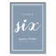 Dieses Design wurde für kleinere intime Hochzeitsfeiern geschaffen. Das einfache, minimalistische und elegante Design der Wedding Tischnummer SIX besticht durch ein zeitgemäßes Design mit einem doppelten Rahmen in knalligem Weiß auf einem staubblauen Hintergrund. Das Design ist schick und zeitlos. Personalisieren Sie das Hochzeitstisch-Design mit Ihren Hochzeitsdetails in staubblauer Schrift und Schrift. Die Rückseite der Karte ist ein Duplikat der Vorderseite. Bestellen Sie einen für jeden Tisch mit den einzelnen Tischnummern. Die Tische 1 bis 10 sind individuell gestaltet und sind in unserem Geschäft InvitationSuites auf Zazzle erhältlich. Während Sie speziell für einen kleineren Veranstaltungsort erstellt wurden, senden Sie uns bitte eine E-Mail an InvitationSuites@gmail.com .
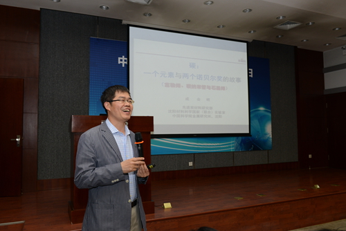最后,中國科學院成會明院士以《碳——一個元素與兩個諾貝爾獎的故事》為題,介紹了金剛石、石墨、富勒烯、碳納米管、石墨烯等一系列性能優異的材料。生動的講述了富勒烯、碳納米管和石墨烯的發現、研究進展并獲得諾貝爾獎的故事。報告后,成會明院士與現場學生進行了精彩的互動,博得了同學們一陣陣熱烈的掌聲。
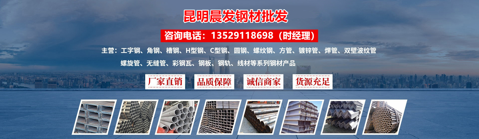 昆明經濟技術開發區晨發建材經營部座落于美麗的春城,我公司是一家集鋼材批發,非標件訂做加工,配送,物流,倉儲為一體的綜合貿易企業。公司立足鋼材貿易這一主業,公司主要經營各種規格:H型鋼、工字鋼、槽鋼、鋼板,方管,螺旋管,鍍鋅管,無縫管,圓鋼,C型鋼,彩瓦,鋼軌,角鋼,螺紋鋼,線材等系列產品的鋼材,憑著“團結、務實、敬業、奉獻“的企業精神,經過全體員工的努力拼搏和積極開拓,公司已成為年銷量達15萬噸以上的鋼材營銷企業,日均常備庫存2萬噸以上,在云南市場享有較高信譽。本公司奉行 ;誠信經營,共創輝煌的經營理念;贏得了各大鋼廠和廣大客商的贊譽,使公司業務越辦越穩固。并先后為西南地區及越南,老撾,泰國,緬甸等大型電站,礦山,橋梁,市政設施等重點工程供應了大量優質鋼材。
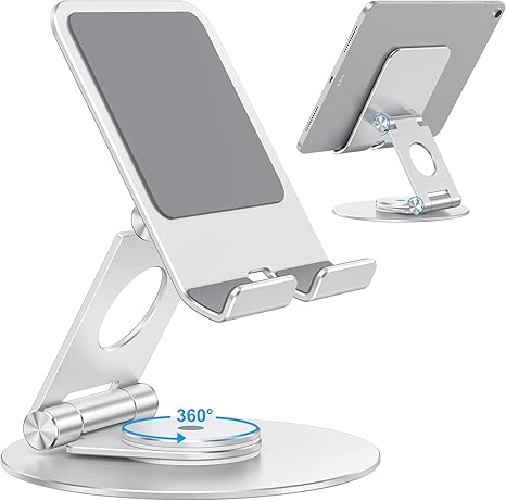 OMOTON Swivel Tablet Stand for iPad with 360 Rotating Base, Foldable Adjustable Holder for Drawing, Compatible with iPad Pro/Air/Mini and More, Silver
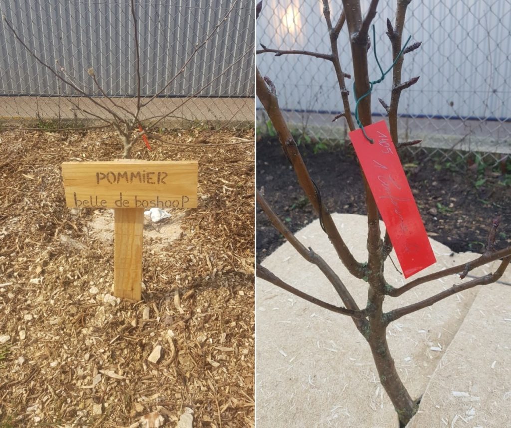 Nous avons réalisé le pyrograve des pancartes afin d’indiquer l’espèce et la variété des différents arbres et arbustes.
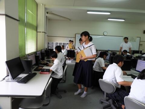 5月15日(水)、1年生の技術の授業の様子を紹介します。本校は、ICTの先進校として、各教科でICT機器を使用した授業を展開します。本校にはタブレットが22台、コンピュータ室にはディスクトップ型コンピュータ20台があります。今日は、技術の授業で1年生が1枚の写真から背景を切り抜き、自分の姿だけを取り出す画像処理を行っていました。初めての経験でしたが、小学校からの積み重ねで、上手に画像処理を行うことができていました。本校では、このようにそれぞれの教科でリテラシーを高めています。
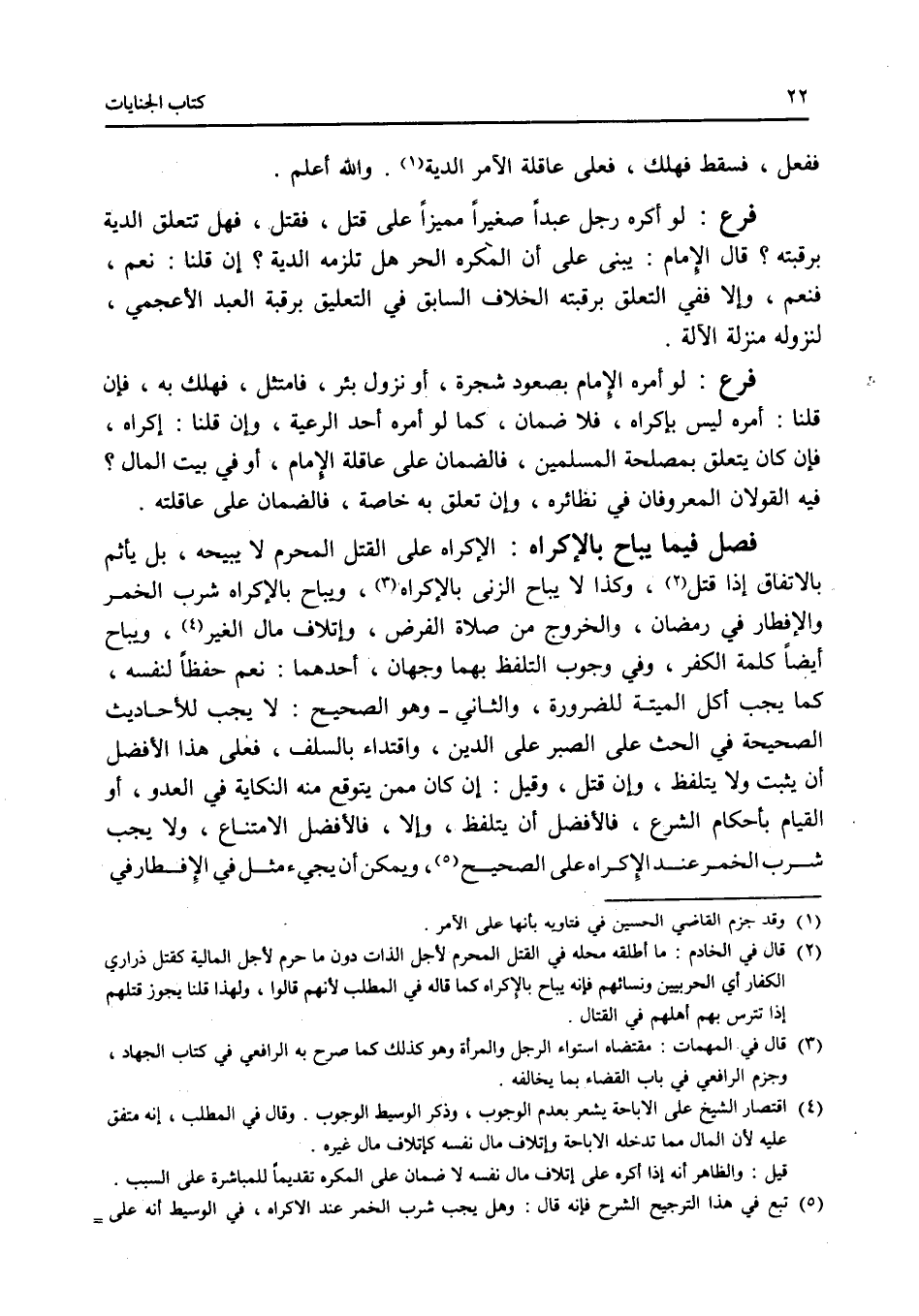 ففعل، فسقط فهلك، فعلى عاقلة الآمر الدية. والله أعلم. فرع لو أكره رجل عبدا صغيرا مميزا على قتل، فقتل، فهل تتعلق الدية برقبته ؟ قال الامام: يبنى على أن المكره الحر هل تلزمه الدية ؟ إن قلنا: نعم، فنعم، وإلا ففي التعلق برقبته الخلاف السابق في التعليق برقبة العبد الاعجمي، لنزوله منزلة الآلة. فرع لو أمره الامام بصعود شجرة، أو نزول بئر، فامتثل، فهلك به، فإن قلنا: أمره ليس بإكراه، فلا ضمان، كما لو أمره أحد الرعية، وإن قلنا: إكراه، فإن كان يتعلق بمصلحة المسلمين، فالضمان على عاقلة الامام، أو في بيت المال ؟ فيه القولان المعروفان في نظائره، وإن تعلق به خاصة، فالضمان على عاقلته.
--
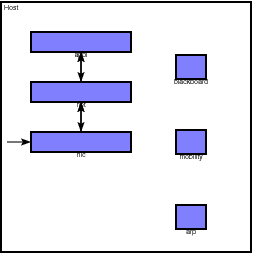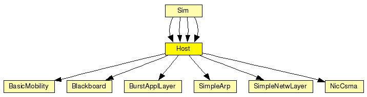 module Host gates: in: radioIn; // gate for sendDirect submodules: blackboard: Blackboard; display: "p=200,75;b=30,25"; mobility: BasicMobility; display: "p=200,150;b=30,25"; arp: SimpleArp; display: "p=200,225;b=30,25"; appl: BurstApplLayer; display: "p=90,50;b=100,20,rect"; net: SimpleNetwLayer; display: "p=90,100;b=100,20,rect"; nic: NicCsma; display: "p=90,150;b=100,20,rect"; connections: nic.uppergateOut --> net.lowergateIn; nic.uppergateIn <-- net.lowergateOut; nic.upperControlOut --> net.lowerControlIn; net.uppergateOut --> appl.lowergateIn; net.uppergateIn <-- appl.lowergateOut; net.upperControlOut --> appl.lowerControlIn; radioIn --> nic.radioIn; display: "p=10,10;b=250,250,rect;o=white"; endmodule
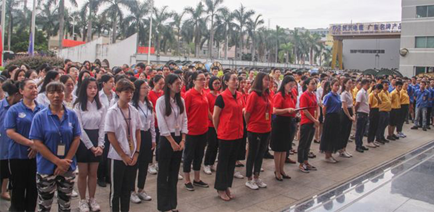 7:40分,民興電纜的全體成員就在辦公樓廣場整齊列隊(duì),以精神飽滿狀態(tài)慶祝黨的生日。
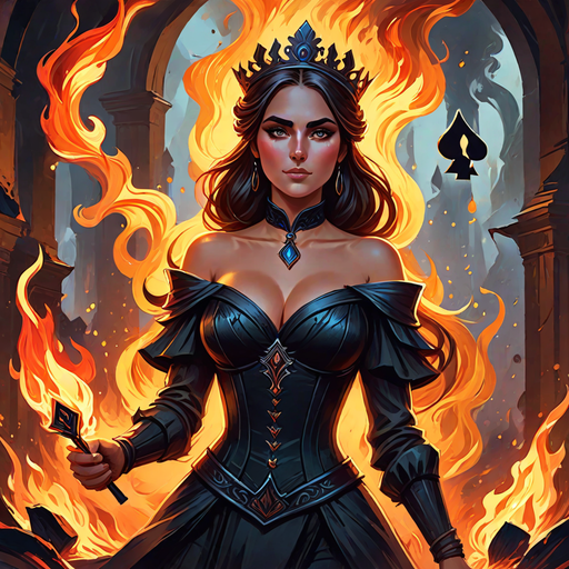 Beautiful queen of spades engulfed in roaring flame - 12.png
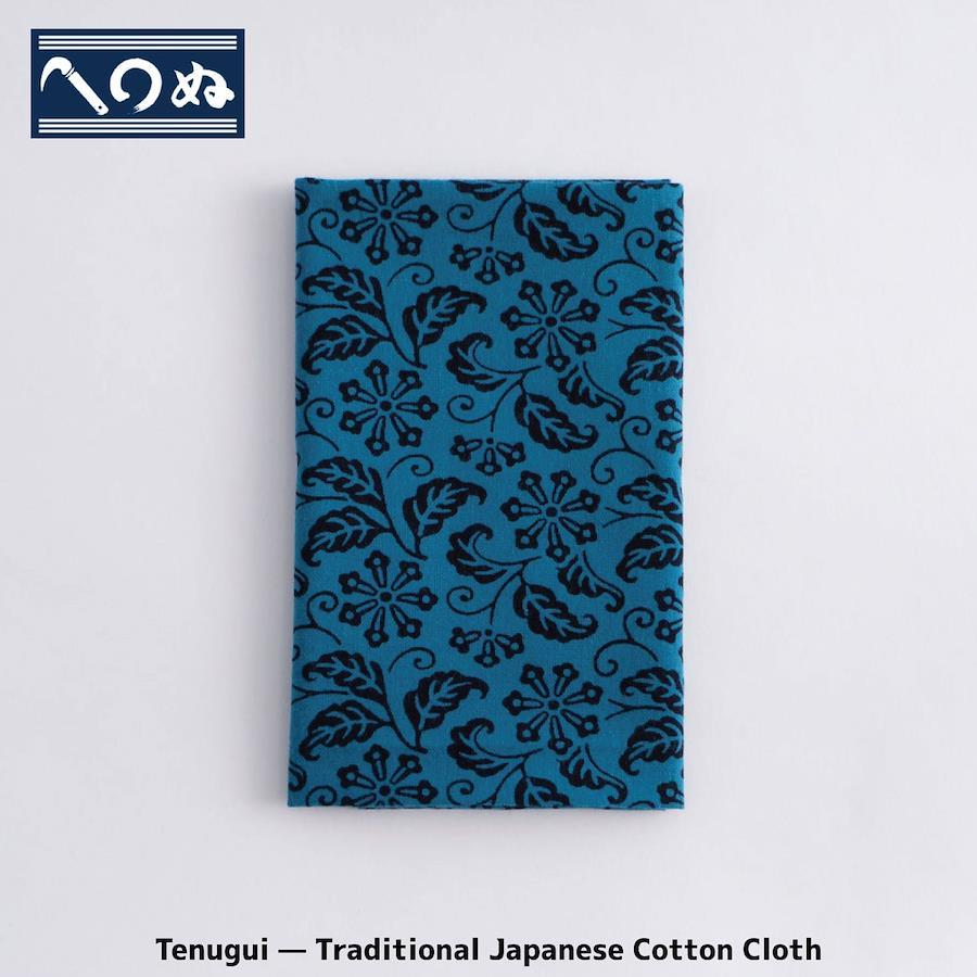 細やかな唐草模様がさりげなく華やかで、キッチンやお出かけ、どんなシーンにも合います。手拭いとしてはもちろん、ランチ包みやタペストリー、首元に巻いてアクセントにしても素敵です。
--
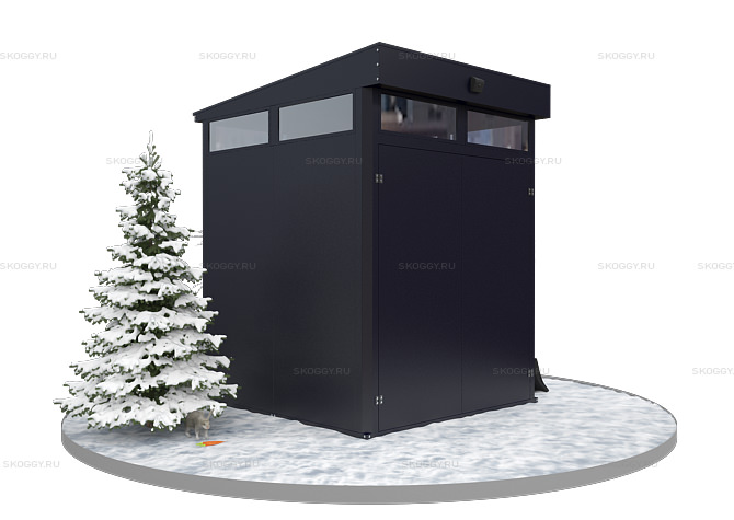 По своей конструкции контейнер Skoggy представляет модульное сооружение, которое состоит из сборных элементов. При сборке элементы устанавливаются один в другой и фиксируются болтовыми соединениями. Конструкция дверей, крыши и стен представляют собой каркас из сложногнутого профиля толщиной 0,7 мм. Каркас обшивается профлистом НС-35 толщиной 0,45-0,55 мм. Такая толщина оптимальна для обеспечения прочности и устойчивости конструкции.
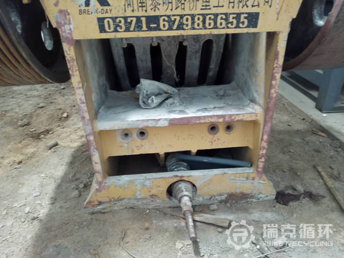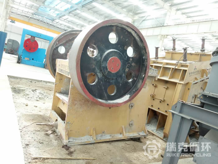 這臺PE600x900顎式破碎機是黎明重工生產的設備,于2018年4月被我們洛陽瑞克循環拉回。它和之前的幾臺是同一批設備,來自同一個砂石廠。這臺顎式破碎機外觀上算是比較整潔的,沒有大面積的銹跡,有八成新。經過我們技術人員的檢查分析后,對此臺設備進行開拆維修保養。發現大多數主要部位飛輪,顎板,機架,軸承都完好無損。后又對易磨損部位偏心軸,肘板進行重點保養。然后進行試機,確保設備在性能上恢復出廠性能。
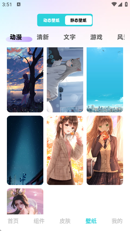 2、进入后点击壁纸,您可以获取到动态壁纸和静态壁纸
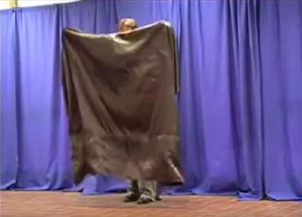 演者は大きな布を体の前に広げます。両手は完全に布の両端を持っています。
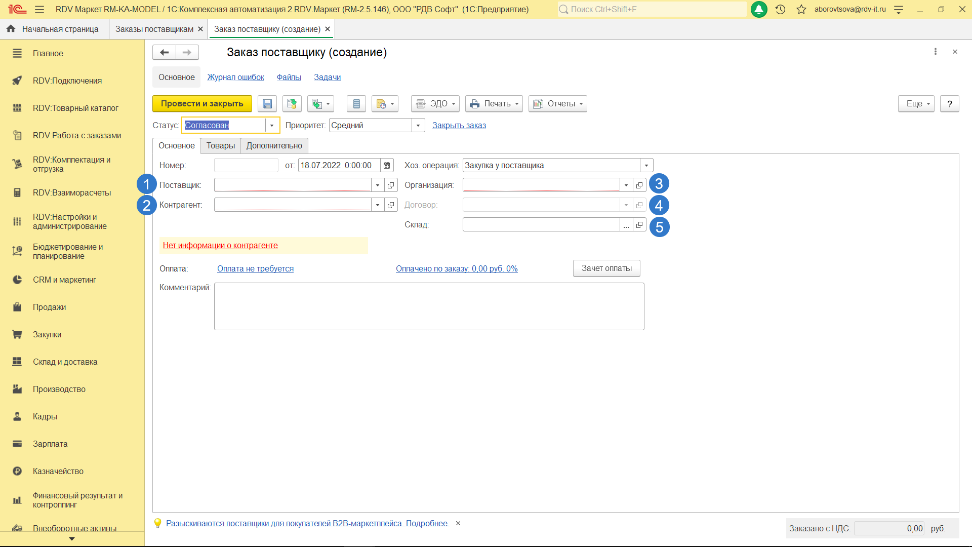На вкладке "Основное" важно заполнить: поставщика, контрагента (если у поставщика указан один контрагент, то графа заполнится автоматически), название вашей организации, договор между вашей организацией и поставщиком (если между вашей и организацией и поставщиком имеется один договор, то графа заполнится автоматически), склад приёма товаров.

Task brief: Using the records above, repeat exactly the run of lines that starts with the line with "昆明經濟技術開發區晨發建材經" and goes on through the line with "5月15日(水)、1年生の技"; omit each picture.

Exercise answer:
 昆明經濟技術開發區晨發建材經營部座落于美麗的春城,我公司是一家集鋼材批發,非標件訂做加工,配送,物流,倉儲為一體的綜合貿易企業。公司立足鋼材貿易這一主業,公司主要經營各種規格:H型鋼、工字鋼、槽鋼、鋼板,方管,螺旋管,鍍鋅管,無縫管,圓鋼,C型鋼,彩瓦,鋼軌,角鋼,螺紋鋼,線材等系列產品的鋼材,憑著“團結、務實、敬業、奉獻“的企業精神,經過全體員工的努力拼搏和積極開拓,公司已成為年銷量達15萬噸以上的鋼材營銷企業,日均常備庫存2萬噸以上,在云南市場享有較高信譽。本公司奉行 ;誠信經營,共創輝煌的經營理念;贏得了各大鋼廠和廣大客商的贊譽,使公司業務越辦越穩固。并先后為西南地區及越南,老撾,泰國,緬甸等大型電站,礦山,橋梁,市政設施等重點工程供應了大量優質鋼材。
 OMOTON Swivel Tablet Stand for iPad with 360 Rotating Base, Foldable Adjustable Holder for Drawing, Compatible with iPad Pro/Air/Mini and More, Silver
 Nous avons réalisé le pyrograve des pancartes afin d’indiquer l’espèce et la variété des différents arbres et arbustes.
 5月15日(水)、1年生の技術の授業の様子を紹介します。本校は、ICTの先進校として、各教科でICT機器を使用した授業を展開します。本校にはタブレットが22台、コンピュータ室にはディスクトップ型コンピュータ20台があります。今日は、技術の授業で1年生が1枚の写真から背景を切り抜き、自分の姿だけを取り出す画像処理を行っていました。初めての経験でしたが、小学校からの積み重ねで、上手に画像処理を行うことができていました。本校では、このようにそれぞれの教科でリテラシーを高めています。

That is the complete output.